Так называемое, светлое будущее в семидесятых стало зримее, ощутимее, чувствительнее грезиться, приманчиво виднеясь в каких-то приятных ды́мках, тем более что жилось полегче, а потому можно было позволить себе помечтать. Народ, наконец-то, стал относительно хорошо питаться, относительно хорошо одеваться, получать от государства относительно хорошие зарплаты и пенсии и относительно хорошее жильё.
– Что ж, живи – не хочу! – говаривал бывалый, тёртый люд, особенно фронтовики-ветераны и оправданные узники, можно было говорить без утайки, сталинской диктатуры, уже вполне счастливые только лишь оттого, что живы, несмотря ни на что.
И верилось человеку, простому и не очень, и во всех верхах тоже не остывала вера: чуть-чуть поднажать бы, поднатужиться, что ли, – и вот оно, это вожделенное, всевозможно раскрашенное по радио и в телепередачах, на плакатах, на картинах, в кино, в пьесах, в песнях, в митинговых речах и где-то и в чём-то ещё светлое будущее.

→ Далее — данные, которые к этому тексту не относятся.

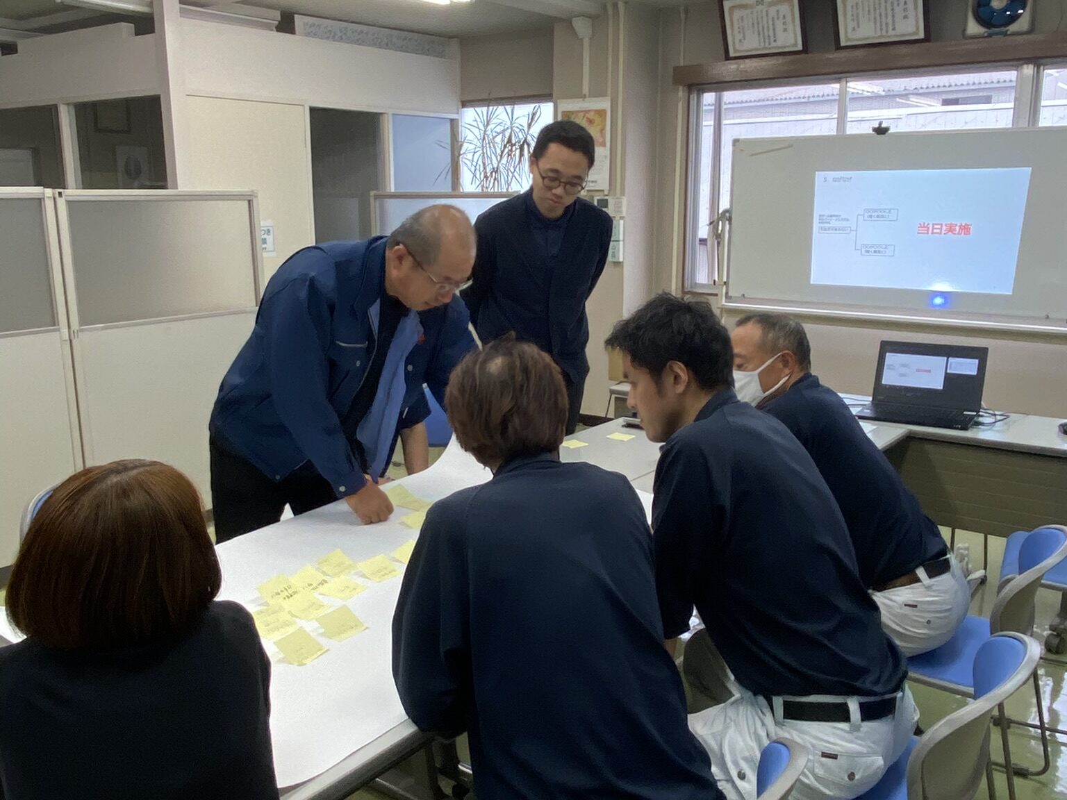 今回のテーマは「業務改善」。それぞれの意見が飛び交い、なかなかまとめるのに苦戦していますが、今後も継続して学びを深め、会社全体が成長できればと思っています。

Но главное, оно крепко вселилось в воображение и мечты миллионов граждан, хотя именовалось иноязычным, до сего времени непереведённым и даже не растолкованным для масс, но таким уже родным, почти что домашним, семейным словом «коммунизм». Знали и стар и млад: будет так, как сказали когда-то Карл Маркс и Владимир Ильич Ленин: от каждого – по способностям, каждому – по потребностям.

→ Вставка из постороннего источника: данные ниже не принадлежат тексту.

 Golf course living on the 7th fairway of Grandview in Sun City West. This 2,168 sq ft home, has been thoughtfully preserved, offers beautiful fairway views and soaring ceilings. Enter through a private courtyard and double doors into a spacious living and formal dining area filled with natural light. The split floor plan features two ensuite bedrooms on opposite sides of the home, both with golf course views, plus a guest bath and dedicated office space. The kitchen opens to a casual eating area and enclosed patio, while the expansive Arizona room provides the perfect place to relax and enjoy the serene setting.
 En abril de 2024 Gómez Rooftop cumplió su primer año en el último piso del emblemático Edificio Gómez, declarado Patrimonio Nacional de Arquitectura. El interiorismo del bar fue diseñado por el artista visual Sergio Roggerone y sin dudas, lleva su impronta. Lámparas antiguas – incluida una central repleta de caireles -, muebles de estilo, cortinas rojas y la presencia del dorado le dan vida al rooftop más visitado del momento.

– Что ж, хорошее дело задумано, – толковали люди.
– Если воистину этаким макаром устроится жизнь, то народу и печаловаться будет не об чем.
– Каждому по потребностям? А что, я согласен!
– Да, живи и радуйся.
– И рая не надо! Правильно?
– Коню понятно, правильно!
Ждали и верили – к восьмидесятому или, в крайнем случае, чуть-чуть попозже непременно наступит он, коммунизм, о чём когда-то было обещано с высокой трибуны. И Афанасий Ильич ждал и верил. Говорил:
– Коммунизму, товарищи, один чёрт, не сегодня-завтра случиться. И случиться потому, что по-другому и быть не может. Да и не должно быть!